Based on her own experience, Parker also cautioned against accepting an employment offer without getting written verification that the employer will honor requests for reasonable accommodations.
“In the past [I] have accepted a job offer without requesting the accommodations, and when I did come on day one…I then asked for those accommodations and did not receive them,” Parker said.
Sometimes, accommodations are denied simply due to a lack of familiarity with disability rights.
Alexis Alvarez, Senior Staff Attorney for the Disability Rights Program of Legal Aid at Work, has found this to be especially true of small startups — the fixtures of Silicon Valley — which often lack personnel with training in disability awareness.<
“Sometimes the initial reaction from an employer is, ‘Oh, no, no, we can’t do that.’” said Alvarez. “And it’s not for any reason other than, you know, ‘this is the first time I’m encountering something like this.’”
Yet there is a real incentive for tech companies to create more accessible workplaces.
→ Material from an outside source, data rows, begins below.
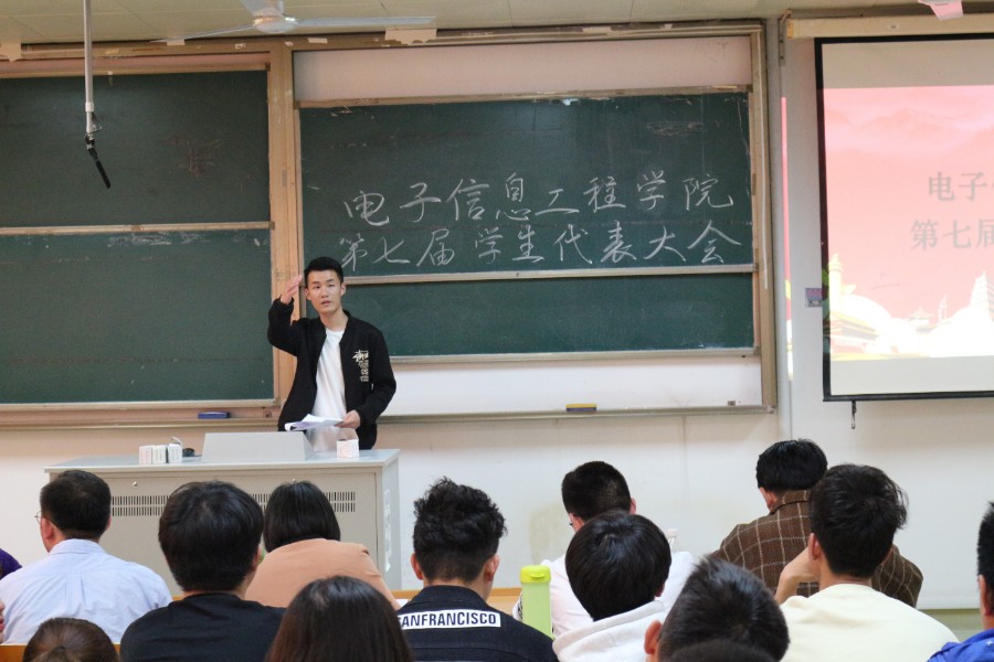 5月8日,电子信息工程学院在1432教室召开第七届学生代表大会。全体辅导员、120名学生代表参加本次大会,院团总支副书记黄振辉主持大会。
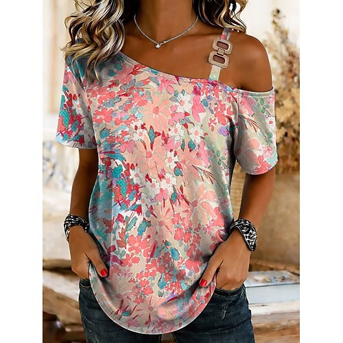Per donna Maglietta Asimmetrico Grafico Geometrico Vintage Tropicale Hawaiano Manica Corta Monospalla Collo asimmetrico Top Regolari Quotidiano Sportivo Uscire Bianco Rosa Verde Cachi Estate Primavera
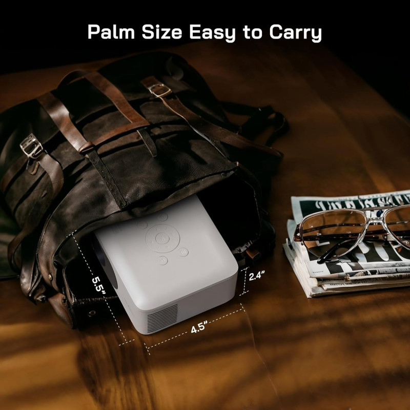 Міні-проектор WOLFANG WP02 виготовлений із міцного ABS-пластику та має стильний чорно-білий дизайн. Завдяки компактним розмірам та вазі всього 0.55 кг його зручно носити в рюкзаку під час подорожей, походів чи кемпінгу. Для використання на відкритому повітрі потрібне підключення до мережі змінного струму.
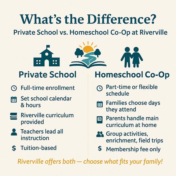 Riverville Academy is a homeschool co-op and private educational program serving children in grades K–3. Our mission is to provide a rigorous, well-rounded academic foundation within a supportive, community-driven environment. Rooted in the principle that “it takes a village,” we partner with families to cultivate student achievement, character development, and a lifelong love of learning.
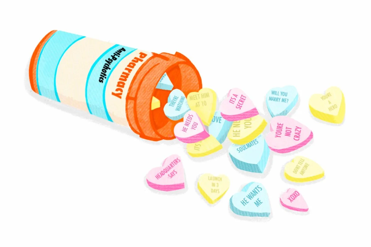 Inspired by the New York Times Modern Love essay My 11-Year Relationship That Never Happened, this illustration plays with the story’s themes of imagined intimacy and delusion. Conversation hearts are reimagined as anti-psychotic pills, creating a kitschy yet poignant visual that reflects the surreal, bittersweet nature of a decade-long episode.
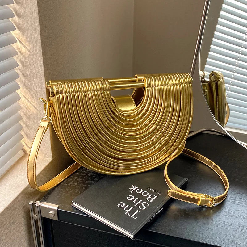 The VersaGlam designer clutch and messenger bag is the must-have accessory for the fashion-conscious woman. With its unique hand-woven rope design and trendy half-moon shape, this bag exudes pure elegance and modernity. Perfect for nights out, special occasions, or as a stylish addition to your everyday outfit. Thanks to its compact size, you can always carry all your essentials with you, both stylishly and practically.
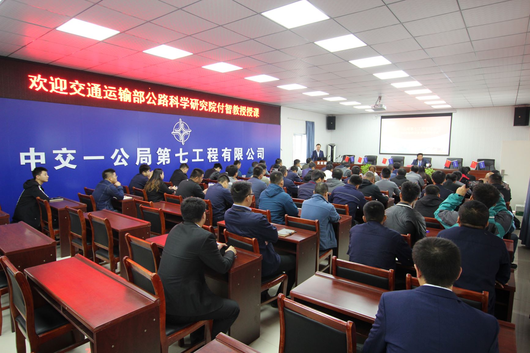 11月3日,公司举办“科技月”技术交流会,特邀交通运输部公路科学研究院研究员、博士生导师付智教授以“水泥混凝土配合比优化及外加剂质量控制、水泥混凝土前沿技术及研究方向动态”为题进行专题授课和交流。公司技术质量部、技术中心人员,周边项目总工程师,各项目试验室主任和试验检测人员参会。
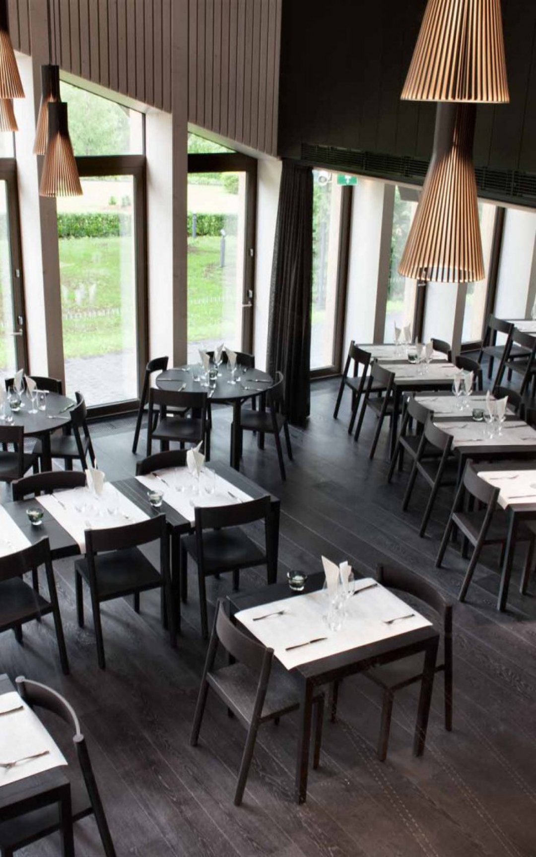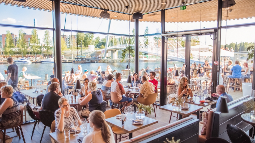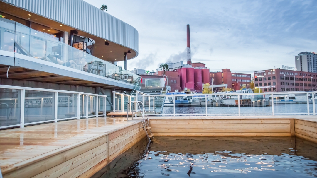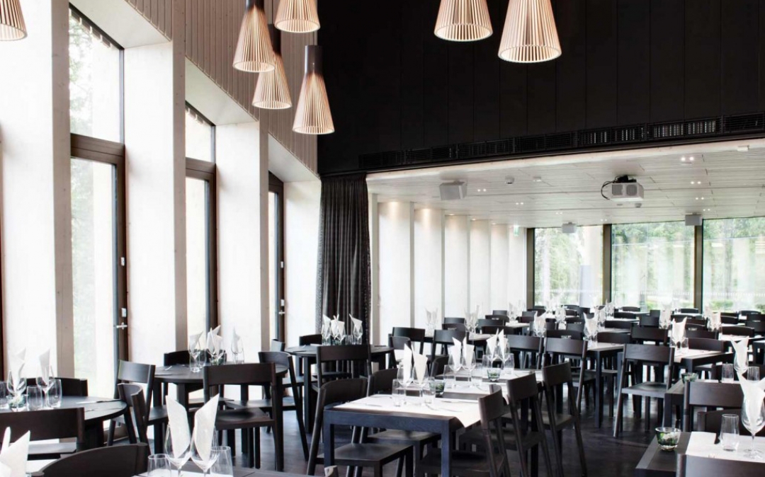 Ресторан Kuuma — еще одно заведение в концепции social eating, но в отличие от других гастромест Центральной Финляндии общение и еду здесь совмещают с сауной. Одно из просторных помещений двухэтажной Kuuma занимают традиционная парная и парная на дровах, которые отделены от лаунж-зоны и имеют выход к бассейну на воде. Деревянные структуры для ресторана-сауны придумало агентство Honka во главе с Янне Канте, за интерьер отвечала Яна Экман из Visionary Design, а кухню разрабатывали Ээро Мякеля и Сара Ле Фонтейн, соединившие вкусы северных специалитетов и нетрадиционных для Финляндии ингредиентов. Копченая морковь здесь приправлена соусом барбекю, а нежнейшие телячьи щечки подаются в цветочном обрамлении, при этом к каждому из блюд предлагается определенное вино — ценой от 29 до 80 евро за бутылку.
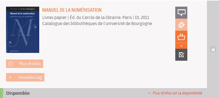 Plus d’infos sur la disponibilité vous renseignera sur les possibilités d'emprunt.
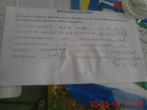 | EMIS Code: 32320598 | Name of School: GGPS SALEH WALA | |||
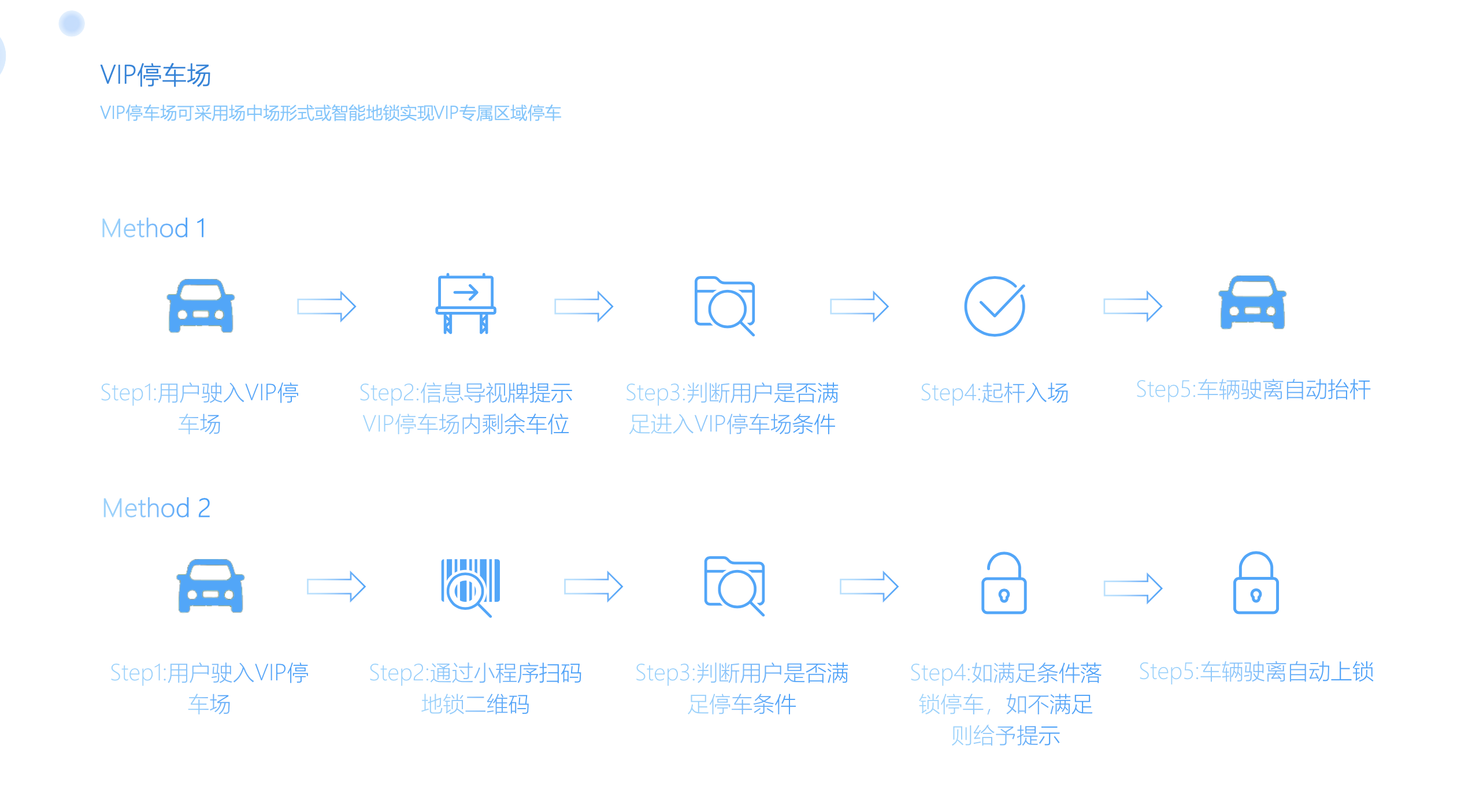 VIP停车场可采用场中场形式或智能地锁实现VIP专属区域停车。

According to a 2018 Accenture report published in partnership with the American Association of People with Disabilities, disability hiring and inclusion significantly increases shareholder returns, not to mention the well-being of employees.
Govind Balakrishnan, vice president of Creative Cloud Product and Services at Adobe, and executive sponsor for the AccessAdobe, recognizes this benefit. At Adobe — which specializes in creativity tools — disability inclusion is both a business advantage as well as a moral imperative.
“You have to make sure that you’re also working with the community,” said Balakrishnan. “What if we could try to help [customers with disabilities] learn how to use a product so that they can find avenues to express their creativity more seamlessly and easily?” Balakrishnan said.
This is why Adobe products are carefully designed to have interfaces that are high contrast, visually simple, and usable by color blind customers.
Given the power that the technology industry has on modern society, Walton hopes that her work in increasing attention to accessibility in tech products is just a starting point.
“I want to continue increasing disability representation, not only in the tech industry, but in mainstream culture as well.”